= PROBLEM TO SOLVE =
The data below holds a line containing "シェープファイルおよびジオデータベース データに対して実行可能な操作を次の表に示します。これらのコントロールは [ツール]" and a line containing "L.E.K. tracked prices"; please quote exactly those two lines and every line between them, and nothing else.

= DATA FOR THE TASK =
↓
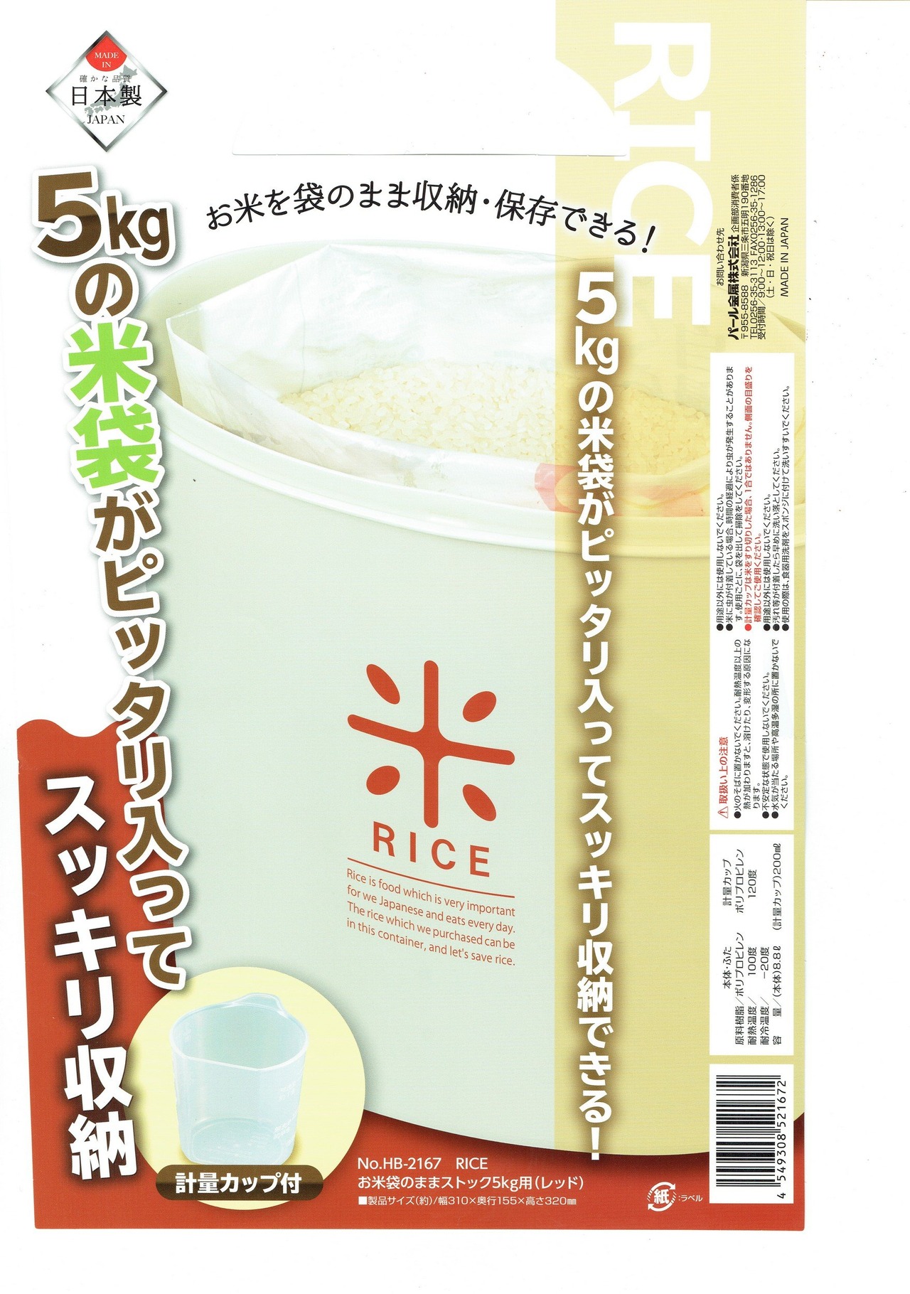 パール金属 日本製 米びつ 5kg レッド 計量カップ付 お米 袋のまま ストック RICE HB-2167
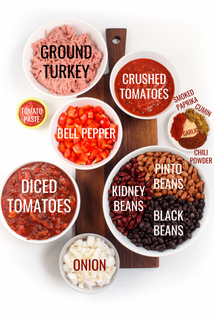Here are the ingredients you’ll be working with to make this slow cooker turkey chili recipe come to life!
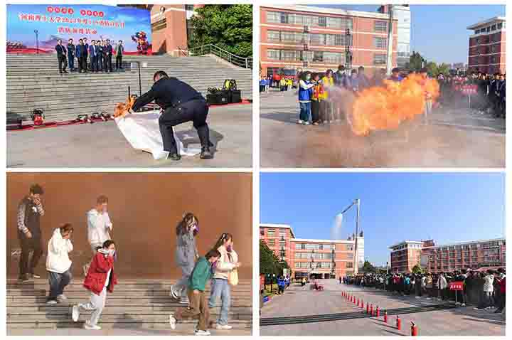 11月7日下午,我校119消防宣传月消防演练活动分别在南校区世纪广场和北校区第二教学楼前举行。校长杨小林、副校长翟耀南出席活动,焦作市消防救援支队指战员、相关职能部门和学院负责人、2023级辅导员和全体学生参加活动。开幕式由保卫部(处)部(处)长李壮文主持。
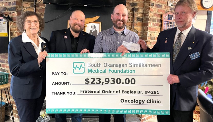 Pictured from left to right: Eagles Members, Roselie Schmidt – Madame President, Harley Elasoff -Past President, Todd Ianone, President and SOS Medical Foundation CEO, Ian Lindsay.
↑
↓
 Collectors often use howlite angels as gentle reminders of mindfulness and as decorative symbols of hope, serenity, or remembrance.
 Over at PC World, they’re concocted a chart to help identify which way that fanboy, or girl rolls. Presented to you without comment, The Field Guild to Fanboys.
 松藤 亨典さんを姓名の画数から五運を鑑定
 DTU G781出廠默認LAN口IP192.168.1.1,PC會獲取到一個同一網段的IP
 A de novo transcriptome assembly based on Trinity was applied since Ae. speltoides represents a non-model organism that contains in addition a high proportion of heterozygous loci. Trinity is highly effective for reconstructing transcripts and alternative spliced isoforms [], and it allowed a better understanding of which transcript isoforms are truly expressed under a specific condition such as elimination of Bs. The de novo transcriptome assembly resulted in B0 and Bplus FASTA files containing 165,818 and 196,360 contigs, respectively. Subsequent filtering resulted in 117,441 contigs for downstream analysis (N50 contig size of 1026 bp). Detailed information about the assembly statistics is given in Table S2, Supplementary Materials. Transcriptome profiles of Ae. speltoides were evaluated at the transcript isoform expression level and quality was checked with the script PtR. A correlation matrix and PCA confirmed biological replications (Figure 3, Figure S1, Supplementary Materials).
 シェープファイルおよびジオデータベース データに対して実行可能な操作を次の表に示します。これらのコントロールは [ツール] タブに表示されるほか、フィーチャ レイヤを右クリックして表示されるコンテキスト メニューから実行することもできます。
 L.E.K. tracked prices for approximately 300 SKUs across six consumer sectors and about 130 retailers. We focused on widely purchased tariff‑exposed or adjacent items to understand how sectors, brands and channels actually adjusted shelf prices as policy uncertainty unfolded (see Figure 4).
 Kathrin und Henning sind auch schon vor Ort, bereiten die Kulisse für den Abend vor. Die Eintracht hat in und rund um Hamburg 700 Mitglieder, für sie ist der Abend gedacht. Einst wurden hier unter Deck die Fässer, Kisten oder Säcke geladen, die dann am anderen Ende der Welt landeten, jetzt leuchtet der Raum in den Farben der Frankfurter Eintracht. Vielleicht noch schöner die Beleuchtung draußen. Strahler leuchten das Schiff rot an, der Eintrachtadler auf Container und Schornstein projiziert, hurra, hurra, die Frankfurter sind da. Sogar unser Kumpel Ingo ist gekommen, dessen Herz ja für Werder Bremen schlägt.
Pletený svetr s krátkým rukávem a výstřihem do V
↑
= REPLY TO THE EXERCISE =
 シェープファイルおよびジオデータベース データに対して実行可能な操作を次の表に示します。これらのコントロールは [ツール] タブに表示されるほか、フィーチャ レイヤを右クリックして表示されるコンテキスト メニューから実行することもできます。
 L.E.K. tracked prices for approximately 300 SKUs across six consumer sectors and about 130 retailers. We focused on widely purchased tariff‑exposed or adjacent items to understand how sectors, brands and channels actually adjusted shelf prices as policy uncertainty unfolded (see Figure 4).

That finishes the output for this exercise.